Présenté autrement, nous aurions envie d’affirmer que cette année qui se finit est celle des réseaux sociaux. On y trouve réunis, la technologie avec le high tech de la digitalisation, la finance avec la performance boursière bullaire exponentielle des groupes monopoleurs concernés, la politique avec la lutte pour la régression et contre les libertés et surtout sa contre offensive vis à vis de sa riposte populiste.

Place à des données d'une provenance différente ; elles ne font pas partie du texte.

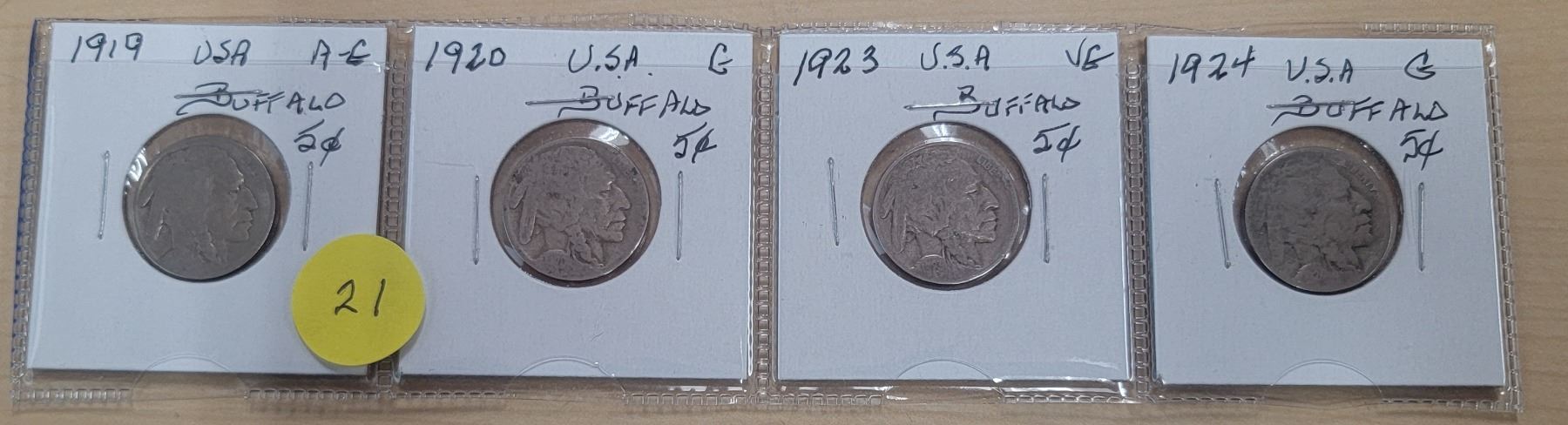 1919, 20, 23, 24 USA buffalo nickels

Le totalitarisme social lui même, nouvelle catégorie de la modernité, emprunte cette voie de la communication, des « fake news » et des lynchages médiatiques. Que l’on songe, dans des domaines différents bien sur, à ce qui s’est passé pour le harcèlement sexuel façon Weinstein, ou le racisme imaginaire imputé à un footballeur qui ose se grimer de noir pour rendre hommage à ses idoles de la NBA! !

La « social justice », nouvel avatar de la négativité qui était enfouie dans le marxisme mal compris mais bien récupéré, ne pourrait muter en tyrannie sociale si tous ces moyens n’étaient pas mis à sa disposition. Il y a une colossale convergence qui caractérise notre époque: convergence des progrès technologiques, du pognon, du pouvoir, de la volonté de domination, des pulsions de mort des individus qui tels les aveugles de la Parabole Brueghel l’ancien se laissent guider/conduire dans le fossé.

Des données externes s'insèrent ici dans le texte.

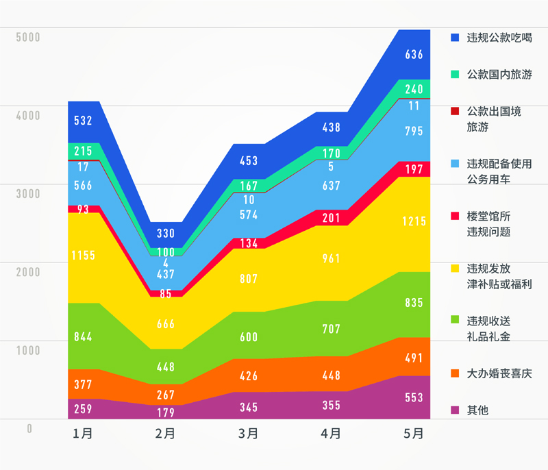 再來看,違反中央八項規(guī)定精神問題類型。從1至5月各類查處問題的面積分布圖來看,各類具體問題的查處趨勢也保持了較穩(wěn)定的增長態(tài)勢。值得注意的是,違規(guī)發(fā)放津補貼或福利、違規(guī)收送禮品禮金、違規(guī)配備使用公務用車、違規(guī)公款吃喝、大辦婚喪喜慶等問題類型,相比同期仍是所有問題類型的“大頭”(占據前5名),占比仍超80%。數據顯示,這些老問題,仍需下大氣力糾治,持之以恒,久久為功。

La maitrise des signes est l’enjeu de notre époque. Et cette année, il nous été donné de voir, pour ceux qui savaient regarder, à quel point tout avait changé. Les catégories de causalité, de vérité, de référent ont volé en éclats: seules comptent la juxtaposition, la répétition, l’inscription émotionnelle, l’auto validation en boucle, bref la manipulation des perceptions, des croyances et la fabrication des convictions.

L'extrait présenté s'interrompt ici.